● **Activity**: Each record should be given again exactly, and any picture in it left out.

Data extracted from a collection:
=-=-=-=-=
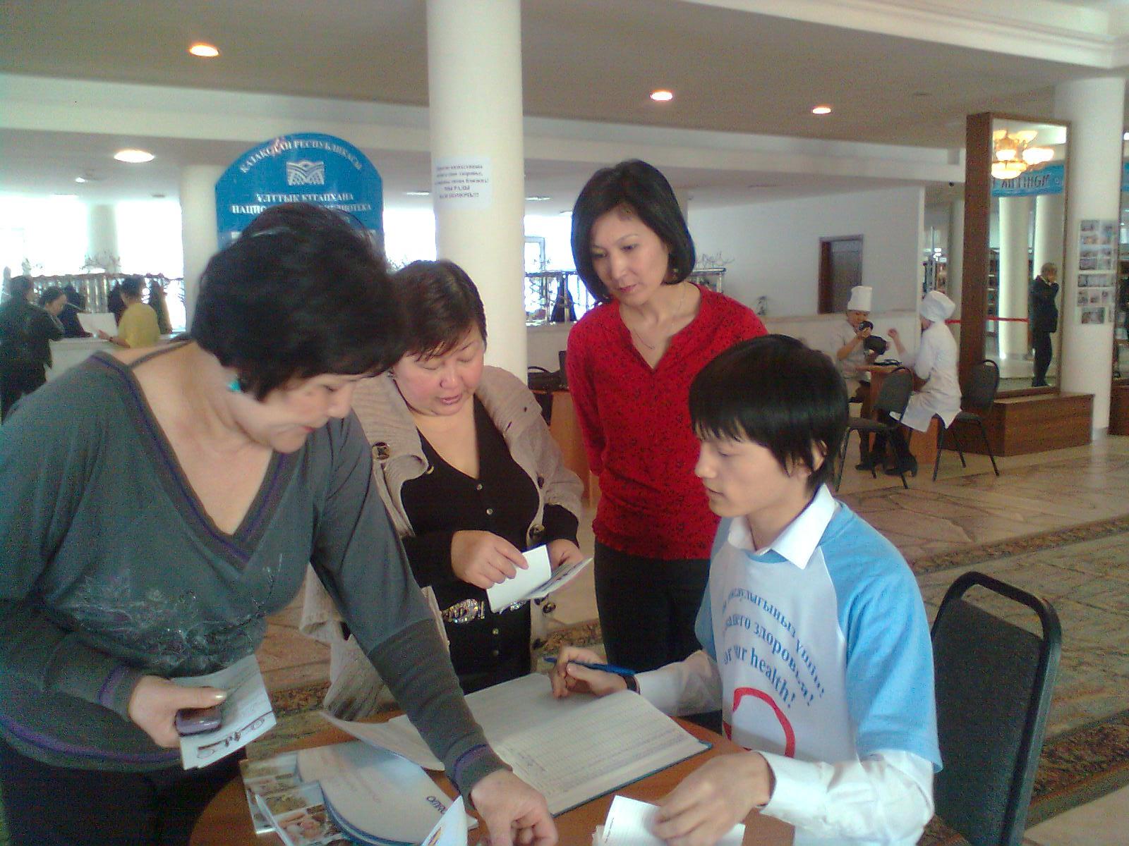 За 20 лет независимости в Казахстане отмечается системное развитие здравоохранения по всем направлениям. Реализация Государственной программы «Саламатты Қазақстан» позволит поднять медицину на качественно новый уровень в соответствии с мировыми стандартами. В рамках программы «Саламатты Қазақстан» руководством Национальной библиотеки РК и КазНМУ им. С.Д. Асфендиярова проведена выставка современной медицинской литературы с организацией круглого стола. Вначале открытия выставки студенты 3 курса Общей медицины провели доврачебный осмотр всех желающих – измеряли артериальное давление, давали рекомендации по гигиене ротовой полости, кожи, правилах питания и поддержке здорового образа жизни, определяли вес и рост, тестовый контроль содержания сахара и проверяли остроту зрения. Директор Республиканской  научной  медицинской библиотеки Ананбаев И.А. выступил с речью – «Самое большое достояние  человека это здоровье и чтобы сберечь здоровье у человека должны быть большие знания в медицине и все это есть в книгах. Я считаю неправильным мнение, что если есть интернет, то книги не нужны. Книги сохраняются тысячелетиями. В библиотеке есть книги  которым больше 200 лет. Дорогие читатели, в нашей библиотеке более 355 000 книг, каждой из них по 2-3 экземпляра, так что приходите и пользуйтесь этим драгоценным даром. Хочу сказать спасибо руководству КазНМУ им. С.Д. Асфендиярова, советнику ректора по воспитательной работе д.м.н., проф. Мустафиной Ж.Г. и всем тем, кто принимал участие в организации этой выставки, всего вам хорошего!». Затем было торжественное открытие выставки с обрезанием ленточки (Құлманбетов И.І., Оспанова Б.К., Мустафина Ж.Г.). После этого всех присутствующих пригласили посмотреть выставку книг. Далее всех пригласили за круглый стол (председатели круглого стола — Құлманбетов И.І. и Мустафина Ж.Г.). Профессор Мустафина Ж.Г. в своей вступительной речи отметила следующее — «Программа Саламатты Қазақстан закончится  в 2015 году. Среди народа не хватает информации, нет должной агитации этой программы, недооценивается  значение  профилактики, нет достаточных публичных лекций. В этой связи хотелось отметить инициаторов акции преподавателей модуля нормальной анатомии, особенно руководителя модуля Дюсембаеву А.Т. и завуча модуля Абилову А.А., а также студентов 3 курса Общей медицины. Активно участвовали наши студенты — активисты, лидеры, наше будущее. Большое спасибо всем преподавателям университета, колледжа, работникам библиотеки за участие в открытии книжной выставки и проведении круглого стола». Студенты 3 курса Общей медицины выступили с докладами. В ходе дискуссии проф. Құлманбетов И.І. отметил – «Наши дети сидят в компьюторах, отдаляются от внешнего мира, не читают книги, а ведь это наше будущее. Кроме того, необходимо обратить внимание на питание, лечебное действие наших народных традиционных блюд, таких как талқан. Необходимо улучшить питание и эти вопросы нужно поднимать». В конце круглого стола все участники отметили, что наше здоровье и  здоровье близких в наших руках, нельзя халатно относиться к своему здоровью и тогда все мы будем здоровы.
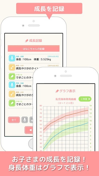 成長の記録で入力した身長・体重を元に、自動でグラフを生成する機能も備えており、
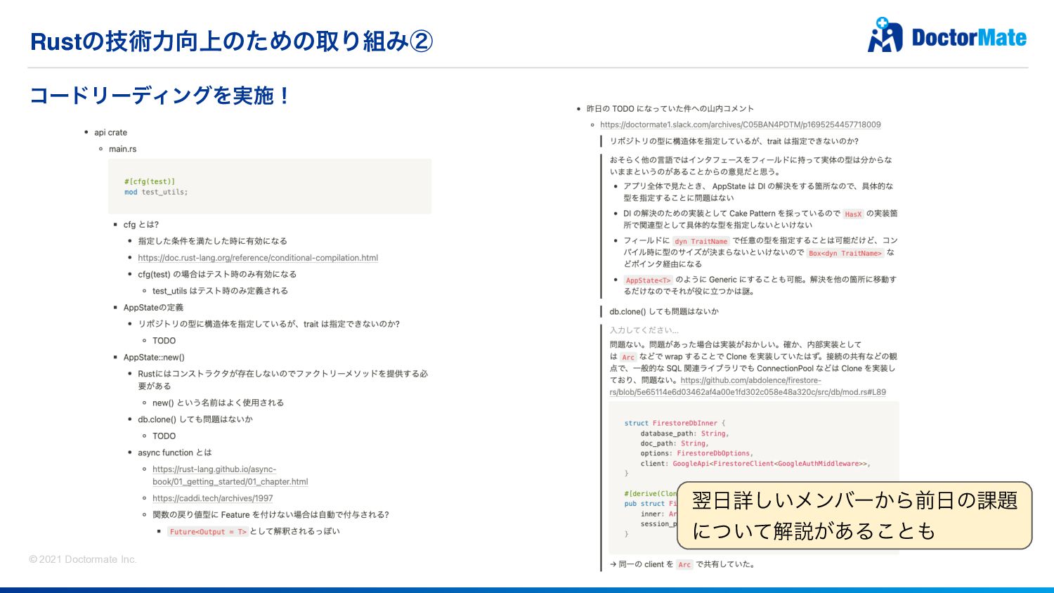 © Doctormate Inc. Rustͷٕज़ྗ্ͷͨΊͷऔΓΈᶄ © 2021 Doctormate Inc. ίʔυϦʔσΟϯάΛ࣮ࢪʂ ཌৄ͍͠ϝϯόʔ͔Βલͷ՝
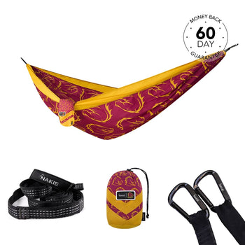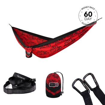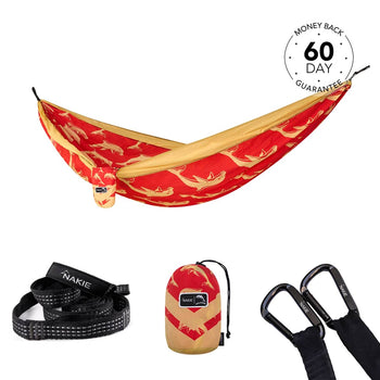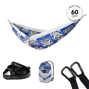 NRL Parramatta Eels x Nakie Double HammockDimensions: 3m × 1.8mWeight rating: 225kgWeight: 600g 2 × Hammock StrapsLength: 2.3m per strapWeight r...
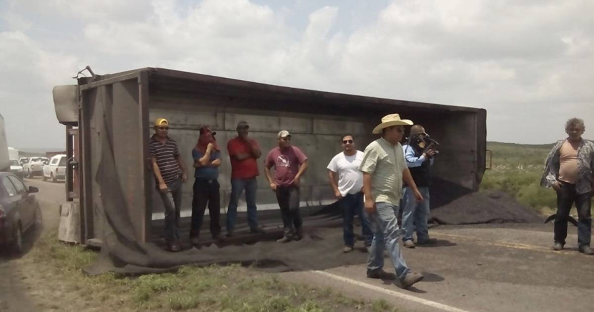 Vuelva tráiler carbonero en carretera Nueva Rosita - Allende
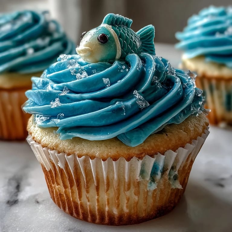 Pin it The magic of these cupcakes lies in the details. While the vanilla cupcake itself is wonderfully moist and tender, it's the artful fondant fish that transform them into something truly special. Each little fish can be shaped and colored uniquely—vibrant blues, cheerful greens, sunny oranges, and soft yellows—creating a school of edible art that captures the playful essence of the Pisces constellation. The blue buttercream frosting swirls like gentle waves, providing the perfect aquatic backdrop for your fondant creations to shine.
=-=-=-=-=
● **Written answer**:
 За 20 лет независимости в Казахстане отмечается системное развитие здравоохранения по всем направлениям. Реализация Государственной программы «Саламатты Қазақстан» позволит поднять медицину на качественно новый уровень в соответствии с мировыми стандартами. В рамках программы «Саламатты Қазақстан» руководством Национальной библиотеки РК и КазНМУ им. С.Д. Асфендиярова проведена выставка современной медицинской литературы с организацией круглого стола. Вначале открытия выставки студенты 3 курса Общей медицины провели доврачебный осмотр всех желающих – измеряли артериальное давление, давали рекомендации по гигиене ротовой полости, кожи, правилах питания и поддержке здорового образа жизни, определяли вес и рост, тестовый контроль содержания сахара и проверяли остроту зрения. Директор Республиканской  научной  медицинской библиотеки Ананбаев И.А. выступил с речью – «Самое большое достояние  человека это здоровье и чтобы сберечь здоровье у человека должны быть большие знания в медицине и все это есть в книгах. Я считаю неправильным мнение, что если есть интернет, то книги не нужны. Книги сохраняются тысячелетиями. В библиотеке есть книги  которым больше 200 лет. Дорогие читатели, в нашей библиотеке более 355 000 книг, каждой из них по 2-3 экземпляра, так что приходите и пользуйтесь этим драгоценным даром. Хочу сказать спасибо руководству КазНМУ им. С.Д. Асфендиярова, советнику ректора по воспитательной работе д.м.н., проф. Мустафиной Ж.Г. и всем тем, кто принимал участие в организации этой выставки, всего вам хорошего!». Затем было торжественное открытие выставки с обрезанием ленточки (Құлманбетов И.І., Оспанова Б.К., Мустафина Ж.Г.). После этого всех присутствующих пригласили посмотреть выставку книг. Далее всех пригласили за круглый стол (председатели круглого стола — Құлманбетов И.І. и Мустафина Ж.Г.). Профессор Мустафина Ж.Г. в своей вступительной речи отметила следующее — «Программа Саламатты Қазақстан закончится  в 2015 году. Среди народа не хватает информации, нет должной агитации этой программы, недооценивается  значение  профилактики, нет достаточных публичных лекций. В этой связи хотелось отметить инициаторов акции преподавателей модуля нормальной анатомии, особенно руководителя модуля Дюсембаеву А.Т. и завуча модуля Абилову А.А., а также студентов 3 курса Общей медицины. Активно участвовали наши студенты — активисты, лидеры, наше будущее. Большое спасибо всем преподавателям университета, колледжа, работникам библиотеки за участие в открытии книжной выставки и проведении круглого стола». Студенты 3 курса Общей медицины выступили с докладами. В ходе дискуссии проф. Құлманбетов И.І. отметил – «Наши дети сидят в компьюторах, отдаляются от внешнего мира, не читают книги, а ведь это наше будущее. Кроме того, необходимо обратить внимание на питание, лечебное действие наших народных традиционных блюд, таких как талқан. Необходимо улучшить питание и эти вопросы нужно поднимать». В конце круглого стола все участники отметили, что наше здоровье и  здоровье близких в наших руках, нельзя халатно относиться к своему здоровью и тогда все мы будем здоровы.
 成長の記録で入力した身長・体重を元に、自動でグラフを生成する機能も備えており、
 © Doctormate Inc. Rustͷٕज़ྗ্ͷͨΊͷऔΓΈᶄ © 2021 Doctormate Inc. ίʔυϦʔσΟϯάΛ࣮ࢪʂ ཌৄ͍͠ϝϯόʔ͔Βલͷ՝
 NRL Parramatta Eels x Nakie Double HammockDimensions: 3m × 1.8mWeight rating: 225kgWeight: 600g 2 × Hammock StrapsLength: 2.3m per strapWeight r...
 Vuelva tráiler carbonero en carretera Nueva Rosita - Allende
 Pin it The magic of these cupcakes lies in the details. While the vanilla cupcake itself is wonderfully moist and tender, it's the artful fondant fish that transform them into something truly special. Each little fish can be shaped and colored uniquely—vibrant blues, cheerful greens, sunny oranges, and soft yellows—creating a school of edible art that captures the playful essence of the Pisces constellation. The blue buttercream frosting swirls like gentle waves, providing the perfect aquatic backdrop for your fondant creations to shine.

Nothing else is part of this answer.